South Mill Arts  is a venue for theatre, contemporary arts and culture, local history, and conferences in Bishop's Stortford, Hertfordshire, England. One of the buildings, today Bishop's Stortford Museum, was the birthplace of Cecil Rhodes.

The complex was refurbished in 2005 and has a 300-seat theatre, a multi-purpose studio space, museum, an exhibition gallery for art and photography, and a café bar. It provides a programme of arts events and hosts professional touring productions, dance groups, musicians and comedians. Films are also shown in its tiered auditorium.

Previously called the Rhodes Arts Complex, on 24 August 2020 the arts complex was renamed South Mill Arts in response to the Black Lives Matter protests against institutional racism.

Bishop's Stortford Museum

Netteswell House, today Bishop's Stortford Museum, was the birthplace of British imperialist Cecil Rhodes, the financier and founder of diamond company De Beers who gave his name to Rhodesia.

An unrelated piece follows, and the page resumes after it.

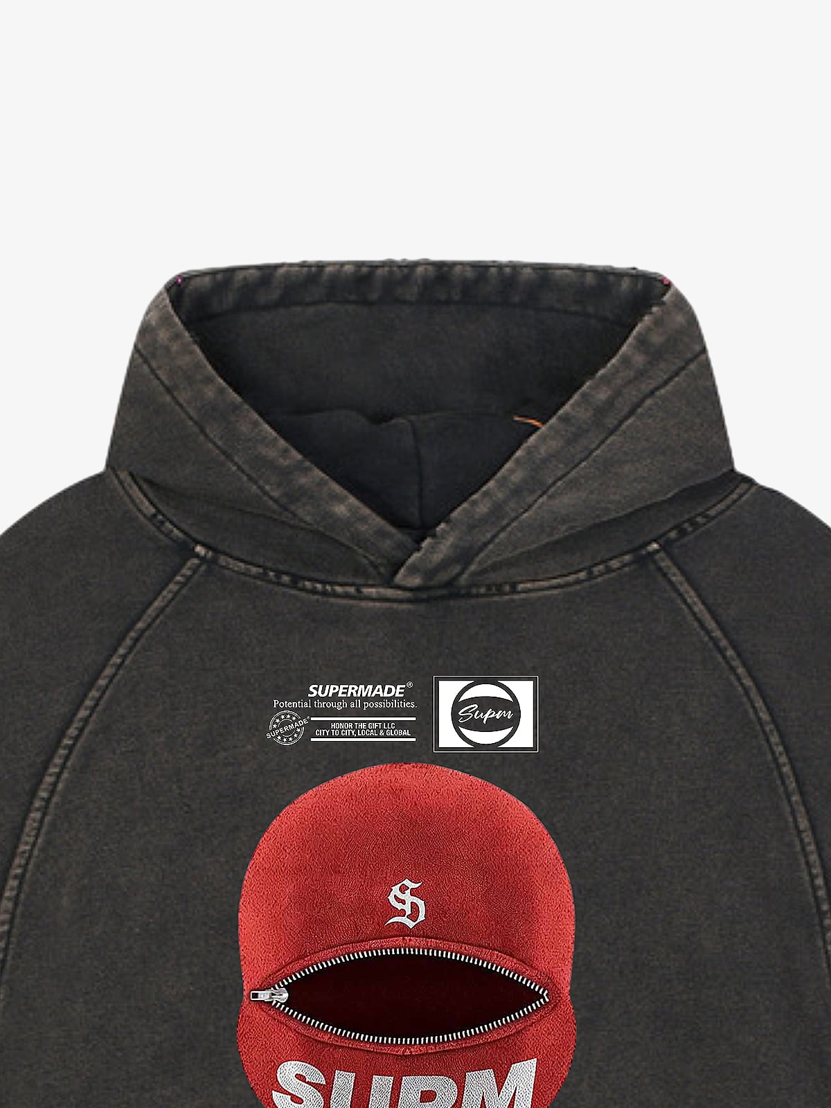 • Details: Front Snake Graphic Print, Checkerboard Hem Detail, Drawstring Hood, Ribbed Cuffs and Hem

It houses the Rhodes Collection, containing interactive displays, archives, artefacts, and photographs, about the life of Rhodes. The Rhodes Birthplace Trust is a registered charity under English law.

The museum combines the collections of the former Rhodes Memorial Museum and the Bishop's Stortford Local History Museum. The Rhodes' Birthplace Museum was established in 1938 in two early-19th-century houses which are Grade II-listed buildings.  The current museum opened in 2005.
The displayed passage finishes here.